Guo Xingyi, Lin Mingyan, Rockowitz Shira, Lachman Herbert M, Zheng Deyou
The Saul R. Korey Department of Neurology, Albert Einstein College of Medicine, New York, New York, United States of America.
Department of Genetics, Albert Einstein College of Medicine, New York, New York, United States of America.
PLoS One. 2014 Apr 3;9(4):e93972. doi: 10.1371/journal.pone.0093972. eCollection 2014.
Thousands of pseudogenes exist in the human genome and many are transcribed, but their functional potential remains elusive and understudied. To explore these issues systematically, we first developed a computational pipeline to identify transcribed pseudogenes from RNA-Seq data.
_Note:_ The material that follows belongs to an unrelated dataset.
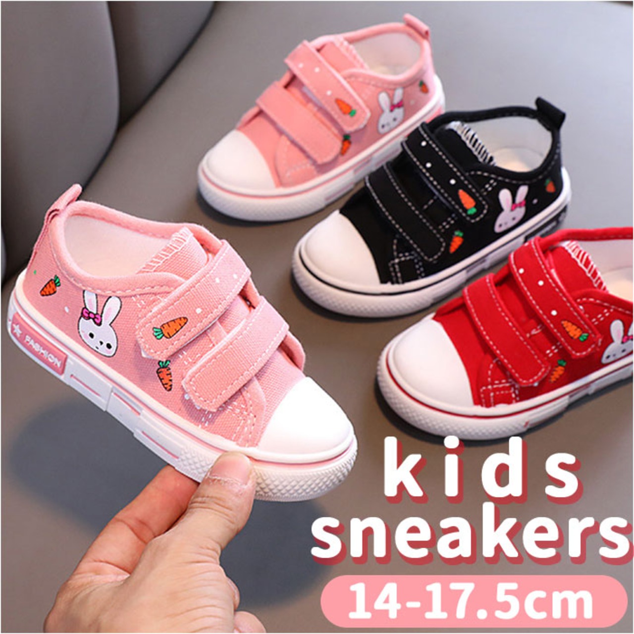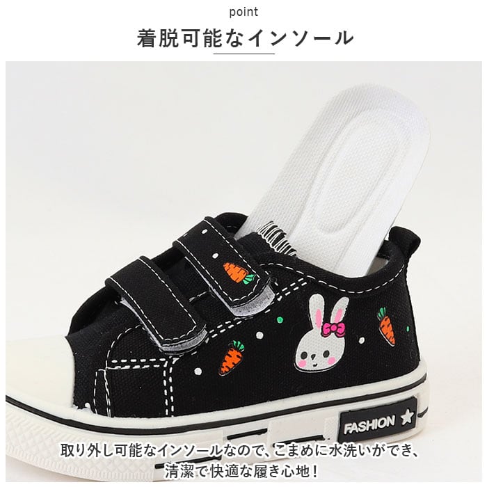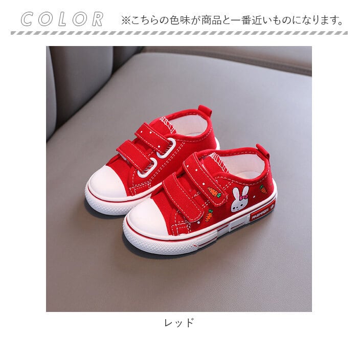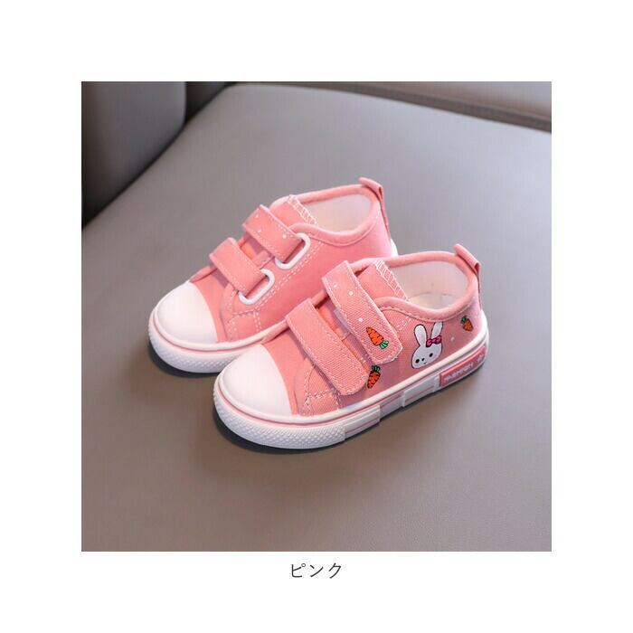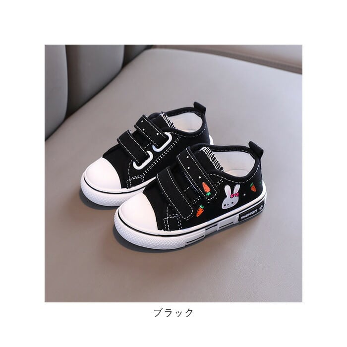 ・うさぎのプリントが可愛い!紐を結ぶ必要のないキッズスニーカーが登場!

Applying the pipeline to datasets from 16 distinct normal human tissues identified ∼ 3,000 pseudogenes that could produce non-coding RNAs in a manner of low abundance but high tissue specificity under normal physiological conditions. Cross-tissue comparison revealed that the transcriptional profiles of pseudogenes and their parent genes showed mostly positive correlations, suggesting that pseudogene transcription could have a positive effect on the expression of their parent genes, perhaps by functioning as competing endogenous RNAs (ceRNAs), as previously suggested and demonstrated with the PTEN pseudogene, PTENP1. Our analysis of the ENCODE project data also found many transcriptionally active pseudogenes in the GM12878 and K562 cell lines; moreover, it showed that many human pseudogenes produced small RNAs (sRNAs) and some pseudogene-derived sRNAs, especially those from antisense strands, exhibited evidence of interfering with gene expression. Further integrated analysis of transcriptomics and epigenomics data, however, demonstrated that trimethylation of histone 3 at lysine 9 (H3K9me3), a posttranslational modification typically associated with gene repression and heterochromatin, was enriched at many transcribed pseudogenes in a transcription-level dependent manner in the two cell lines. The H3K9me3 enrichment was more prominent in pseudogenes that produced sRNAs at pseudogene loci and their adjacent regions, an observation further supported by the co-enrichment of SETDB1 (a H3K9 methyltransferase), suggesting that pseudogene sRNAs may have a role in regional chromatin repression. Taken together, our comprehensive and systematic characterization of pseudogene transcription uncovers a complex picture of how pseudogene ncRNAs could influence gene and pseudogene expression, at both epigenetic and post-transcriptional levels.
人类基因组中存在数千个假基因,其中许多都能转录,但它们的功能潜力仍然难以捉摸且研究不足。为了系统地探索这些问题,我们首先开发了一种计算流程,用于从RNA测序数据中识别转录的假基因。将该流程应用于来自16种不同正常人体组织的数据集,识别出约3000个假基因,这些假基因在正常生理条件下能够以低丰度但高组织特异性的方式产生非编码RNA。跨组织比较显示,假基因及其亲本基因的转录谱大多呈正相关,这表明假基因转录可能对其亲本基因的表达有积极影响,也许是通过作为竞争性内源RNA(ceRNA)发挥作用,正如之前对PTEN假基因PTENP1所提出并证明的那样。我们对ENCODE项目数据的分析还发现,在GM12878和K562细胞系中有许多转录活跃的假基因;此外,分析表明许多人类假基因产生小RNA(sRNA),一些假基因衍生的sRNA,特别是那些来自反义链的sRNA,表现出干扰基因表达的证据。然而,转录组学和表观基因组学数据的进一步综合分析表明,组蛋白3赖氨酸9位点的三甲基化(H3K9me3),一种通常与基因抑制和异染色质相关的翻译后修饰,在这两种细胞系中以转录水平依赖的方式在许多转录的假基因中富集。H3K9me3富集在假基因位点及其相邻区域产生sRNA的假基因中更为突出,SETDB1(一种H3K9甲基转移酶)的共富集进一步支持了这一观察结果,表明假基因sRNA可能在区域染色质抑制中发挥作用。综上所述,我们对假基因转录的全面系统表征揭示了假基因非编码RNA在表观遗传和转录后水平上如何影响基因和假基因表达的复杂情况。